This past weekend Jiles was voted into party leadership. He's been on the job for less than a week and he's already making waves but for all the wrong reasons.
FOX 2: "Did you shoot the guy?"
"Well actually there was a physical altercation in which my gun discharged," Giles said.
Jiles, 29, is the Michigan Republican Party's new ethnic vice chair.
He has the tall order of selling the GOP to minority voters, but sources say he sold party leaders a bill of goods about his past.
Now some say it's coming back to haunt him, however he calls it something else.
"We should really frown on smear campaigns and nonsense and malicious attacks," he said.
Last year Jiles copped a misdemeanor for shooting an ex-con whom he says he mentored.
"I was only fearing for my life and protecting myself," Jiles said.
He's now on probation.
But the 2014 shooting isn't the jaw dropper. Party leaders are said to have known about that, although there is a second police matter.
"Technically it was an incident," Jiles said. "I really can't go into any detail personally because I was not directly involved in it."
Court records from Genesee County suggest otherwise. As a 15-year-old, Jiles was charged with two counts of assault with intent to murder, assault with intent to do great bodily harm less than murder and two gun charges in 2001.
The charges were dismissed in 2005.
"Redemption is something we all should embrace," said Jiles, who added that he has.
"I'm a graduate student two classes from a masters degree," Jiles said. "I worked in corporate America, I've launched a successful urban initiative to bring in morality to the inner city and that's something to celebrate something we should rejoice in."
Whatever connection that comeback could have with potential minority voters his ties to a perceived racist could undo it.
Jiles got a big endorsement for his current position from Dave Agema - the controversial Republican who among other things, shared an article on Facebook from a white supremacist magazine.
The subject? The inferiority of black people.
Jiles calls it a misunderstanding.
"They twisted his words," Jiles said. "It was a very clearly racist article. He didn't believe in the article and what it was actually stating.

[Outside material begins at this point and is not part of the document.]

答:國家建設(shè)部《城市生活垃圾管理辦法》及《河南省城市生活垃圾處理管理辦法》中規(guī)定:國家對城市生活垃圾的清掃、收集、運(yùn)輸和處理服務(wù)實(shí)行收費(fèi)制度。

"What he was saying is, that we have to bring awareness to the inner city, there's a cultural battle, a drug problem, you have all these issues in the inner city."

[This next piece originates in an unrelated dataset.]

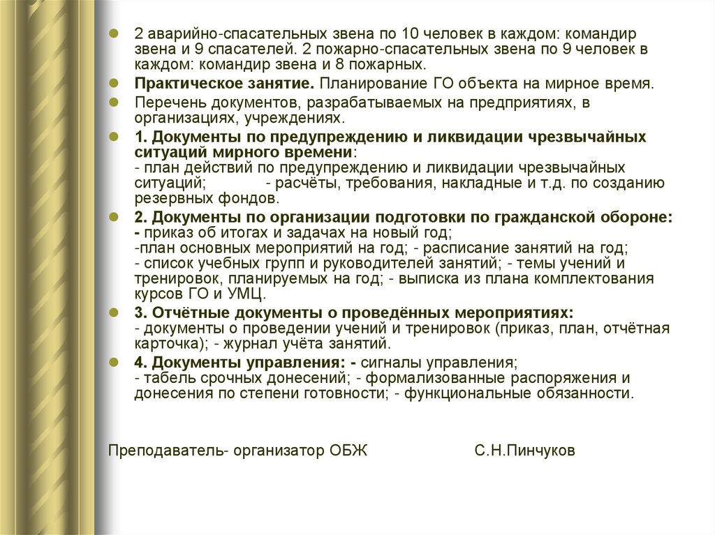 Практическое занятие. Планирование ГО объекта на мирное время.

But for now state Republicans are dealing with their own issues, namely the impact of Jiles' past.
Jiles adds that Agema has done nothing to suggest that he is a racist and that he received several endorsements and not just from Agema.
The Michigan Republican party is not commenting on the controversy surrounding Jiles.
Jiles says he has learned from the issues in the past and he is focused on doing something very positive now and eager to work on outreach to the inner city.